# remove compilation of packages for faster compilation



## alxjns (Jul 9, 2010)

Hi,
I am very new to freebsd. I am building a kernel and filesystem for my ARM based board. Everything is fine but I need to reduce the compilation time. I want remove compilation of some packages and libraries that are not required. This will help in reducing my filesystem size and also compilation time.

Where can I select what packages to compile and what not to compile?


----------



## aragon (Jul 9, 2010)

Well, for packages you simply exclude them from your build script.  How are you building packages?
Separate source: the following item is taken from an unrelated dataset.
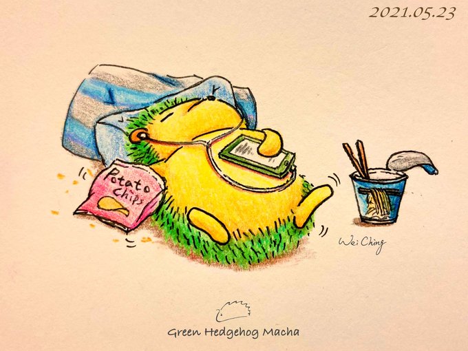 吃貨 直接肥 這是菠蘿麵包 不是芒果乾... #覺得是芒果乾的話圖直接下架 #菠蘿麵包 #hedgehog #illustration #hedgehogs #刺蝟 #ハリネズミ #插圖 #綠刺蝟麻恰 #畫 #drawing #手繪 #greenhedgehogmacha #色鉛筆

If it's world components you want to disable from building, use /etc/src.conf and read src.conf(5).


----------



## alxjns (Jul 9, 2010)

I cannot find src.conf is etc. I am using "make buildworld" and "make installworld"


----------



## alxjns (Jul 9, 2010)

I have checked out the code from the svn head


----------



## SirDice (Jul 9, 2010)

The file doesn't exist by default. Which means everything will be build.


----------



## aragon (Jul 9, 2010)

alxjns said:
			
		

> I cannot find src.conf is etc.


Create it.


----------



## phoenix (Jul 9, 2010)

But read the man page first.


----------



## alxjns (Jul 13, 2010)

ok thanks for the info. I'll give try it out


----------



## ashwin_karanth (Jul 16, 2010)

hi which option did you tried in src.conf


----------



## alxjns (Jul 19, 2010)

Well I did not try many since I was preoccupied with other things. But I went through the man page and tried some options that I dont need like WITHOUT_INET6, WITHOUT_IPFILTER, WITHOUT_KERBEROS.


----------